Adult patients who received liver and kidney transplants at Rush University Medical Center had better-than-expected survival rates a year later, according to a new report, including a 95.45 percent one-year survival rate for liver transplant recipients and a 96.92 percent rate for recipients of a kidney transplant from a deceased donor.
“While these rates makes Rush’s program unique to Chicago and among the nation’s best, we continually seek improvement in our plans and in how we care for our patients,” said Dr. Martin Hertl, director of the Rush Solid Organ Transplant Program and section chief of transplant surgery at Rush.
“The success we found is in having a multidisciplinary team to collaborate on every aspect of a patient’s care.”

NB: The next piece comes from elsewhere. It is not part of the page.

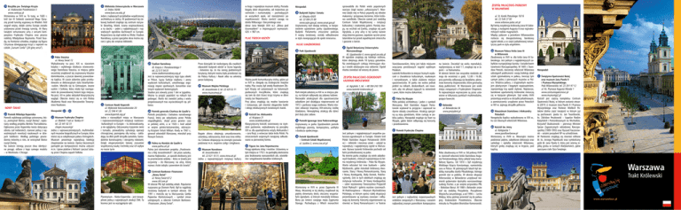 Bazylika pw. Świętego Krzyża w kraju i największe muzeum stolicy. Posiada bogaty zbiór eksponatów, od malarstwa po rzemiosło i numizmatykę – pochodzących ze wszystkich epok, od starożytności po współczesność. Warto zwrócić uwagę na dzieła Witkacego i Gierymskiego oraz obraz Jana Matejki (XIX w.): „Bitwa pod Grunwaldem” o imponujących wymiarach: 426 × 987 cm. Biblioteka Uniwersytecka w Warszawie ul. Krakowskie Przedmieście 3 www.swkrzyz.pl Wzniesiona w XVII w. To tutaj, w 1683 r. król Jan III Sobieski zawierzał Bogu Ojczyznę przed turecką wyprawą na Wiedeń. Król wygrał wojnę, dzięki czemu Europa została uratowana przed inwazją turecką. W filary świątyni wmurowano urny z sercami kompozytora Fryderyka Chopina oraz pisarza noblisty Władysława Reymonta. Przed fasadą, na frontonie schodów, znajduje się figura Chrystusa dźwigającego krzyż z napisem na cokole „Sursum Corda” („W górę serca”). ul. Dobra 56/66 www.buw.uw.edu.pl Jeden z najlepszych przykładów współczesnej architektury w stolicy. W podziemiach tej ciekawej budowli znajduje się centrum rozrywki (bowling, bilard, ściana wspinaczkowa), a na dachu – jeden z najładniejszych i największych ogrodów dachowych w Europie. Rozpościera się stąd widok na Wisłę i Stadion Narodowy, a przez specjalne okna można zajrzeć z góry do wnętrza biblioteki. PLAC TRZECH KRZYŻY Nieopodal: Budynek Sejmu i Senatu ul. Wiejska 4/6/8 tel. 22 694 25 00 www.sejm.gov.pl, www.senat.gov.pl Usytuowany nad skarpą wiślaną, w bezpośrednim sąsiedztwie parku Ujazdowskiego. Budynki Parlamentu zniszczone podczas II wojny światowej, zostały odbudowane w stylu nawiązującym do epoki renesansu. ALEJE UJAZDOWSKIE Park Ujazdowski Pałac Staszica NOWY ŚWIAT Pomnik Mikołaja Kopernika Pomnik wybitnego polskiego astronoma, który „wstrzymał Słońce, ruszył Ziemię”, wykonany według projektu Bertela Thorvaldsena. Ogłoszona przez Kopernika teoria dotycząca obrotu ciał niebieskich, stanowi jedną z najważniejszych rewolucji naukowych w dziejach ludzkości. Według polskiego powiedzenia mówimy o nim, że wstrzymał Słońce ruszył Ziemię. Na świecie istnieją jeszcze dwa identyczne posągi, odlane z tego samego modelu – w Montrealu i Chicago. ul. Nowy Świat 72 Wybudowany na pocz. XIX w. staraniem księdza i wybitnego działacza oświeceniowego Stanisława Staszica, w miejscu gdzie wcześniej znajdował się zrujnowany klasztor dominikanów, a jeszcze dawniej prawosławna kaplica. W czasie zaborów pałac przebudowano w dekoracyjnym stylu bizantyńsko-ruskim. Mieściło się tu Gimnazjum, zwane ruskim i Cerkiew, która miała być nawiązaniem do prawosławnej historii tego miejsca. Na pocz. XX w. pałac odzyskał klasycystyczny wygląd. Obecnie mieści się w nim Polska Akademia Nauk oraz Warszawskie Towarzystwo Naukowe. Nieopodal: – Muzeum Fryderyka Chopina ul. Okólnik 1 lub ul. Tamka 41 tel. 22 441 62 51 chopin.museum/pl Jedno z najnowocześniejszych, multimedialnych muzeów biograficznych w Europie, które mieści się w zabytkowym pałacu Ostrogskich. Muzeum prezentuje największą kolekcję chopinianów na świecie. Oprócz bezcennych pamiątek po kompozytorze można usłyszeć m.in.: śpiew ptaków z Nohant i poczuć lubiany przez Chopina zapach fiołków. Stadion Narodowy Centrum Nauki Kopernik ul. Wybrzeże Kościuszkowskie 20 tel. 22 596 41 00 www.kopernik.org.pl Jedno z niezwykłych miejsc w Warszawie i najnowocześniejszych instytucji naukowo-kulturalnych w Europie – tu doświadczamy, a nie oglądamy. Odczuwamy trzęsienie ziemi i tornado, prowadzimy symulację operacji chirurgicznej, poznajemy siłę nośną – zakładając na dłoń profil skrzydła samolotu. Samodzielnie konstruujemy i sterujemy robotami. Dzięki eksperymentom łatwiej zrozumieć współczesną naukę i technikę oraz ich wpływ na nasze życie. Al. Księcia J. Poniatowskiego 1 tel. 22 517 94 01 www.stadionnarodowy.org.pl Jest to najnowocześniejszy tego typu obiekt w Polsce. Łączy funkcje stadionu i areny wydarzeń kulturalnych, umożliwiając organizację imprez sportowych, koncertów oraz innych wydarzeń komercyjnych. Stadion jest otwarty przez 7 dni w tygodniu. Można tu przyjść pojeździć na rolkach lub pobiegać. Warto też zwiedzić jedną z wielu proponowanych tras wycieczkowych np. piłkarza. Przez dziesiątki lat niedostępny dla zwykłych obywateli budynek obrósł w liczne legendy - mówiono np. że ma szereg podziemnych korytarzy, którymi można było przedostać się do Pałacu Kultury i Nauki albo na sekretny peron kolejowy. Muzeum Wojska Polskiego Al. Jerozolimskie 3, tel. 22 629 52 71 www.muzeumwp.pl Pomnik generała Charlesa de Gaulle’a Pomnik prezydenta i bohatera narodowego Francji, który po odzyskaniu przez Polskę niepodległości, służył przez pewien czas w polskiej armii, a w 1920 r. brał udział w wojnie polsko-bolszewickiej, odznaczony Krzyżem Virtuti Militari. Kiedy w 1967 r., generał odwiedził Warszawę, mieszkał przy Nowym Świecie. Palma na Rondzie de Gaulle’a www.palma.art.pl Palma jest elementem projektu „Pozdrowienia z Alej Jerozolimskich”. Jak pisze autorka, Joanna Rajkowska: „w sposób dosłowny jest to przeniesienie widoku – który w Izraelu jest oczywisty – do Warszawy; na ulicę, której nazwa z kolei odsyła z powrotem do Izraela”. Ważny punkt komunikacyjny stolicy, gdzie już w XVII w. zbiegały się strategiczne miejskie trakty. Plac zwany był wtedy Rozdrożem Złotych Krzyży od ustawionych na kolumnach pozłacanych krucyfiksów, które znajdują się tam do dziś (trzeci krzyż trzyma w dłoni święty Jan Nepomucen). Przy placu znajdują się modne kawiarnie i restauracje, jak również eleganckie butiki i sklepy ekskluzywnych światowych marek. Kościół św. Aleksandra Bogate zbiory obejmują umundurowanie, sztandary, odznaczenia, broń oraz inne militaria. Ciekawa ekspozycja na zewnątrz pozwala podziwiać m.in. wo

“Everything about what they did is just top shelf,” says Eddie Johnson, superintendent of the Chicago Police Department, of the transplant team at Rush. A kidney transplant recipient, Johnson discussed his experience at the recent 2018 Transplant Symposium held at Rush, along with his son and kidney donor, Daniel Johnson, a Chicago police officer, in the video at the bottom of this page.
Data helps patients when searching for a transplant program
The data for patient survival rates one year after transplant come from the latest 5-tier system report by the Scientific Registry of Transplant Recipients (SRTR) released on Oct. 9. SRTR provides data on organ transplantation that is used to help prospective patients make decisions about which transplant program to choose.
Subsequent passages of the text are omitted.